For small business owners’ employee paperwork is a task that never ends. If it’s not a new hire, it’s tax season or worker’s comp, and each form looks different no matter how many times you see them. Keep reading to help take the mystery out of an old tax season nemesis – the 1099 Form.
1099 workers are freelance or independent contractors – rather than employees. No one can be an independent contractor and an employee; they must be one or the other. The best way to make your life simple before you even pay a vendor is to request their W-9. This form will have all of the information you need if and when you have to issue them a 1099 form.
The Basics of a 1099 Form
Your business will need to issue a 1099 to vendors or subcontractors during the ordinary course of business to whom you have paid more than $600 in rent, services (including parts and materials), prizes and awards, or other income payments. This includes any individual, partnership, LLC, LP, or Estate.
Note: The IRS defines an employer/employee relationship as one in which the employer controls the workspace, hours worked, and the equipment to be used, and directs the daily and weekly activities of the worker.
Doesn’t it all seem so simple, right?
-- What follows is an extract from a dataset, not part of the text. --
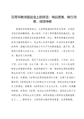 在青年教师座谈会上的讲话:做品质者,做行动者,做坚持者感谢各位的精彩发言,尤其要感谢我们的各位导师,正是因为你们的倾囊相授,悉心指导,才有了青年教师的快速成长,他们刚刚的发言就是成长的最好展现。所以,要特别感谢活动的组织部门教师发展中心,发言的六位青年教师,以及各位青年教师的导师,感谢大家共同奉献了今天下午的精神盛宴。接下来,我想给大家重点分享三点,一是听完发言后的感受,二是分享几句话,最后是几句共勉。首先想表达的,是听了各位发言之后的感受,三句话,后生可畏,后生可爱,后生可期。第一句,后生可畏。今天六位老师的发言质量都非常高。虽然风格各不一样,课件所呈现的直观效果也各有不同,但每个人的发言都是有逻辑、有内容、有反思、有主张、有案例:X老师从反思和收获两个方面,呈现了自我的心路历程;X老师呈现了自己的班主任工作主张,刚刚当班主任就有自己的理念,很难得;X老师谈及了自己对工作、生活的一些理解和困惑,很真实;X老师,结合自己的学科特点,谈到自己的工作如何让他人有利也让自己有利,如何治愈他人的同时也能够温暖自己整体而言,大家的发言都非常有质量,让我很敬佩,敬佩你们的发言内容,更敬佩你们的行动实践,因为你们是真实做出来的,而且做得非常好。第二句,后生可爱。今天发言的六位老师,包括点评的X老师、X老师、X老师、X老师等都非常可爱可以说是你们浓烈的青春气息感染了我。X老师谈到和学生的距离X老师讲述过程中感动自己,这都是非常真实的情感流露。因为你们讲述的是自己真实的生活,你们为此投入了最真实、最充沛、最热烈的情感。所以我觉得今天的分享,大家呈现了非常真实的一面,因为真实,所以可爱,这种青涩的反思、青涩的丰富、青涩的理性,恰恰让人无限感动。第三句,后生可期。因为你们的优秀、实干、热情,所以你们的未来是值得期待的。而你们的未来就是学校的未来,所以学校的未来也必然值得期待。其次,作为一位曾经年青过的教师,作为学校的管理者,想给大家分享三句话。第一句话,志存高远,追求卓越,高追求,做品质者。李利老师刚才分享时说过一个观点,每个人对成功的理解不一样,我很认同。那么,针对教师这一职业,我想我们理解的成功可能有这么三种情况。第一种情况就是通常意义上的,做一位学术名师,或者从事学校管理工作。前者,让更多的学生因为我而改变;后者,尽我们所能去追求一种理想的教育。第二种情况,可以没有名师的头衔,但是被学生、被家长、被同事尊重。注意我用的是尊重,不是喜欢,喜欢和尊重是文可居文库——海量学习资料,手机电脑下载www.wenkeju.com两种情况。被学生、家长、同事尊重要靠什么?靠实力。你的实力,要么来自你的人格,要么来自你的专业,要么来自你的成就所有的尊重尊严都是要用实力来捍卫的。第三种情况,我们把它降到最微观的程度,教师的主阵地课堂,能不能让你的课堂彰显出专业的品质。长郡中学的龚校长曾讲过他们对老师的六不要求,大家看一看你现在能做到多少,三年后又能做到多少。上课不出错,下课不拖堂,作业不过量,试卷不过夜,学生问不到,陪伴不缺席。刚刚讲的三种情况,都可以理解为成功,就看你追求哪一层。但是,作为教师,让你的课堂成为学生向往的地方,是我们对自己工作成功的基本定义。当然,我更希望我们在座的诸位能够去追求成为名师,成为有影响力的专业的引领者、领航者。只要你愿意,学校会竭尽全力支持你。第二句话,一分耕耘,一份收获,勤付出,做行动者。刚刚六位发言老师,其它讲的是就自己的实际行动。一是反思。孙一涵老师分享中讲到梳理自己的感悟,就是反思。如果可能,希望大家能够把反思形成文字,它的要求更高,但它的影响更深远。二是听课。听导师的课,听同组老师的课,听石室老师的网课。我刚刚参加工作的时候,先备课,然后听导师的课,然后修改教案,最后才是上课,成长特别快。三是做题。高考学科是必须要做题的。你给学生布置的作业,你首先要做一遍,才能判断这些文可居文库——海量学习资料,手机电脑下载www.wenkeju.com题适不适合自己的学生。如果布置的作业自己没做过,对不起,我觉得你在布置作业的时候是不负责任的。四是上公开课、做交流分享,就像今天一样。现在你们无论是上公开课还是做交流发言,都拥有一个资本——年轻。因为年轻,所以你们现在有试错的成本。要敢于亮出自己,不要怕。当你们站上发言席时,站上公开课的讲台时,你就已经成功了,因为你敢于接受这个挑战,这本身就是成功。寒假即将来临,希望我们所有人不仅仅是年青老师,包括我们的导师、行政干部,寒假都能给自己立一个小小的flag。比如,这个寒假我要读完一本书,我要写两篇反思,我要备几周的课,我要做几套试卷,等等。在学校布置的寒假作业之外,再给自己加点餐。现实和理想之间是湍急的河流,河流之上是什么?就是桥梁,

This is where the ‘exceptions to the rule’ come in! Below are exceptions to the basic 1099 rules. You do not need to send a 1099 form to:
- Vendors are operating as S or C-Corporations. This includes LLCs and partnerships which are taxed as an S or C-Corp.
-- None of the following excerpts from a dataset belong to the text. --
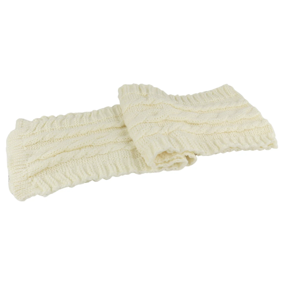 De sjaal is gebreid met vlechtpatroon. De kleur van de sjaal is gebroken wit. De sjaal heeft een lengte van 155 cm. Dit maakt de sjaal lang genoeg om goed om je nek heen te slaan.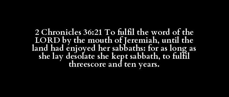 2 Chronicles 36:21 To fulfil the word of the LORD by the mouth of Jeremiah, until the land had enjoyed her sabbaths: for as long as she lay desolate she kept sabbath, to fulfil threescore and ten years.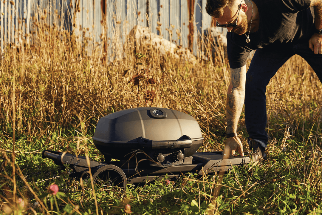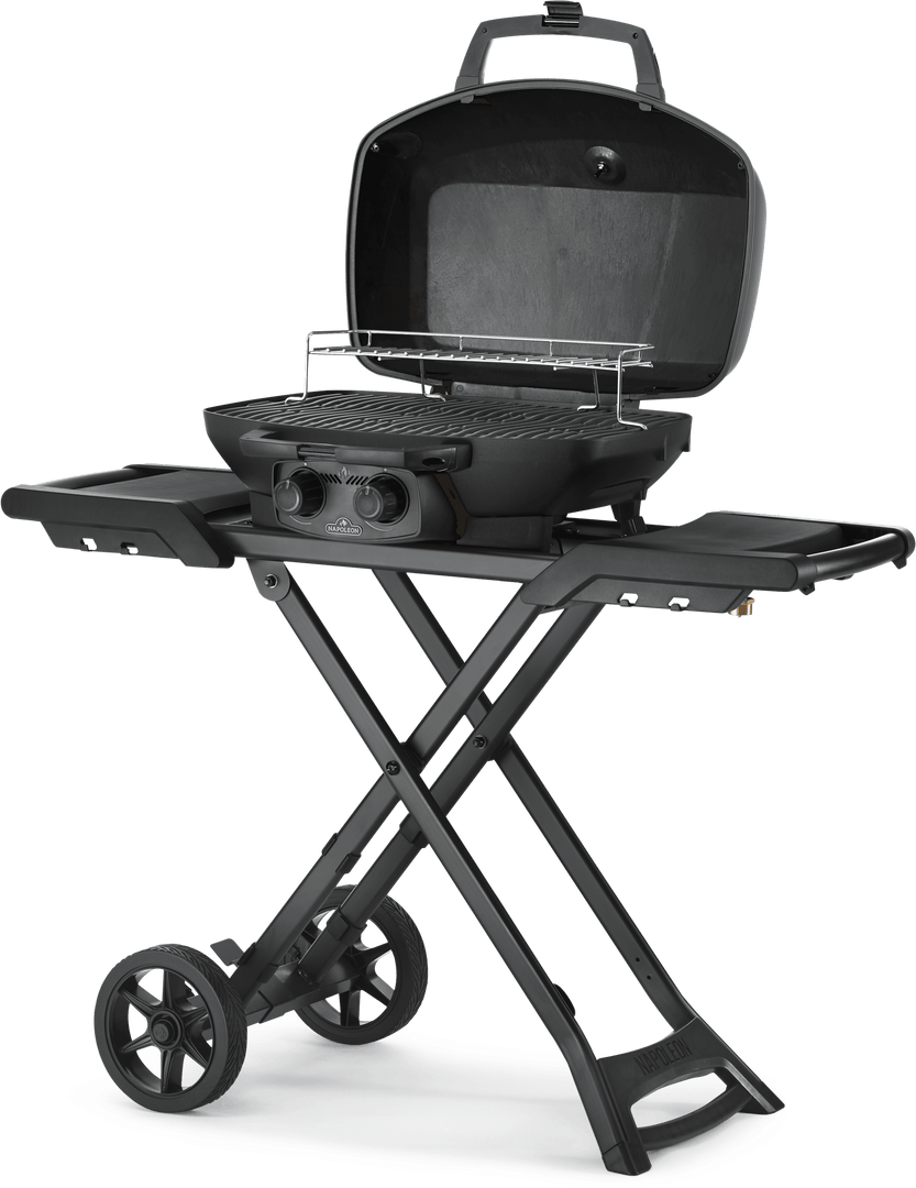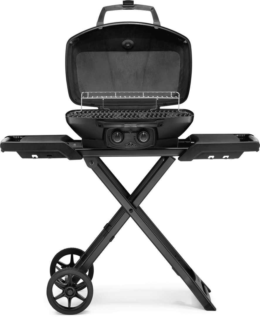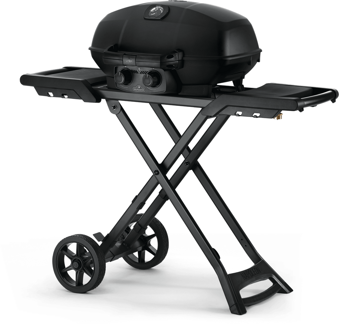 Grill on the go in style with the Napoleon Phantom TravelQ PRO 285 portable gas grill, featuring a luxurious matte black finish from hood to cart.

- Any payments you have made via credit card, debit card, gift card, or third-party payment network (i.e PayPal). These payments will be reported by the card issuers or payment networks themselves.
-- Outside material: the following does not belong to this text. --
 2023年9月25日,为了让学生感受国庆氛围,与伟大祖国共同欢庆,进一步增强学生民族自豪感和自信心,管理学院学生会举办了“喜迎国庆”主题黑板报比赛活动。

- An exception to this exception is Venmo. Venmo does not do the same reporting as credit cards and regular payment networks. You will need to issue 1099s to vendors paid this way.
- Any employee business expense reimbursements. These can be reported as wages on a form W2.
- Payments of rent to or through real estate agents (or property managers). If your business pays rent directly to a landlord, a 1099 form will need to be issued.
- Non-US citizens working remotely via the internet from another country.
Other exceptions include:
- Lawyers – even if your lawyer is ‘incorporated’ you are still required to send them a 1099 form if your business paid them more than $600.
- A 1099 form is required for any worker who is not a U.S. citizen and has performed work for you within the United States It is the business owner’s responsibility to determine the citizenship of their workers.